### Data provided
---
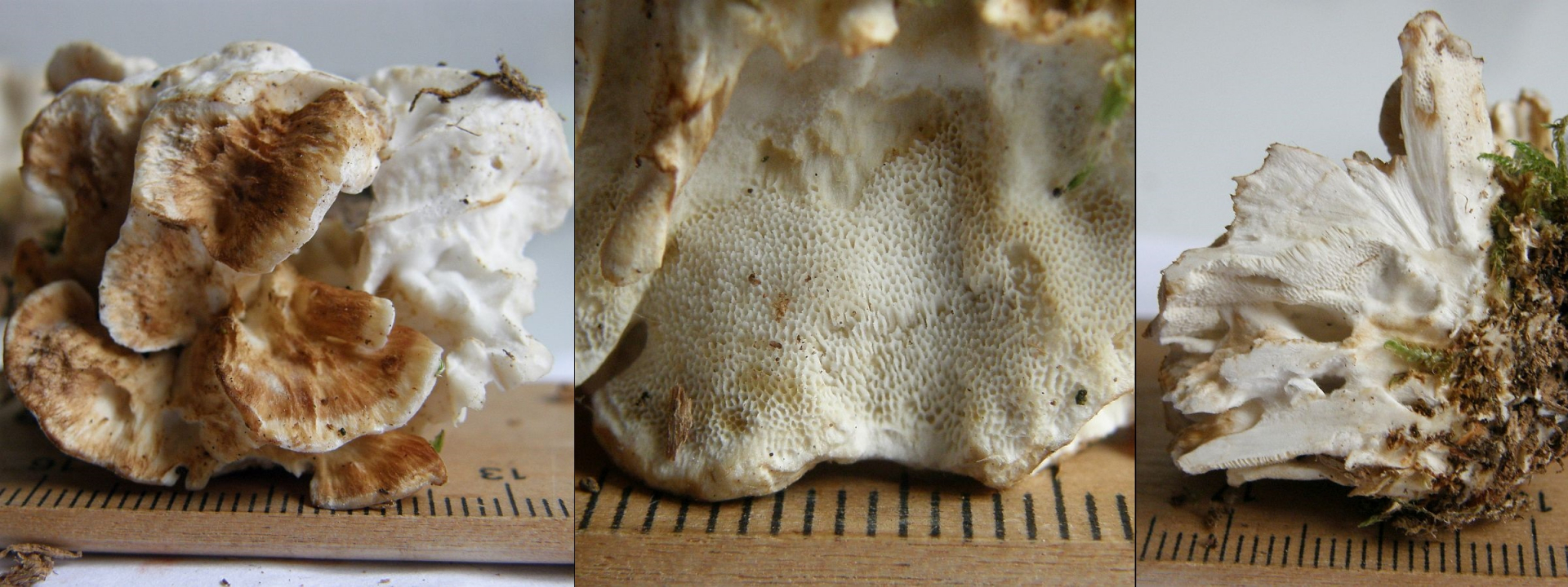 ---> heißt weiterhin Serpula himantioides, Sporen sind so schon zu groß für Leucogyrophana pulverulenta und bei juvenilen Kollektionen von S. himantioides sucht man Skeletthyphen wohl oft vergeblich.
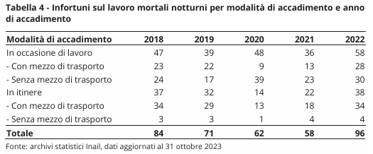 A corollario, considerazioni sulle differenze rispetto agli infortuni in generale e sulle specificità di rischio del lavoro notturno.
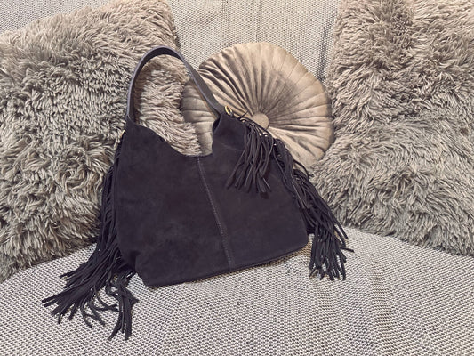 Blue suede handbag with leather details & fringe + pouch | Medium-size women’s bag
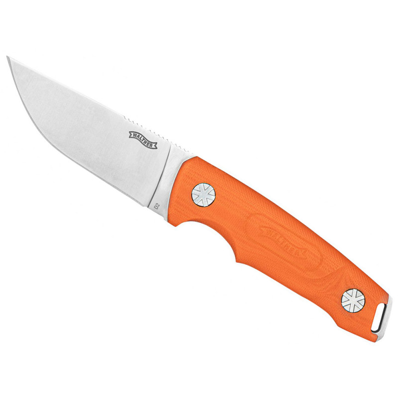 Nož Walther HBF 1, rezilo iz visoko odpornega jekla D2. Z svojo ergonomsko obliko ročaja, zagotavlja varen oprijem. Signalno oranžna barva zagotavlja, da se nož ne izgubi. Na ročaju je izmenljiva sponka za pas
---
### Exercise goal
Exclude the images, then output the data above word for word.

### Task response
 ---> heißt weiterhin Serpula himantioides, Sporen sind so schon zu groß für Leucogyrophana pulverulenta und bei juvenilen Kollektionen von S. himantioides sucht man Skeletthyphen wohl oft vergeblich.
 A corollario, considerazioni sulle differenze rispetto agli infortuni in generale e sulle specificità di rischio del lavoro notturno.
 Blue suede handbag with leather details & fringe + pouch | Medium-size women’s bag
 Nož Walther HBF 1, rezilo iz visoko odpornega jekla D2. Z svojo ergonomsko obliko ročaja, zagotavlja varen oprijem. Signalno oranžna barva zagotavlja, da se nož ne izgubi. Na ročaju je izmenljiva sponka za pas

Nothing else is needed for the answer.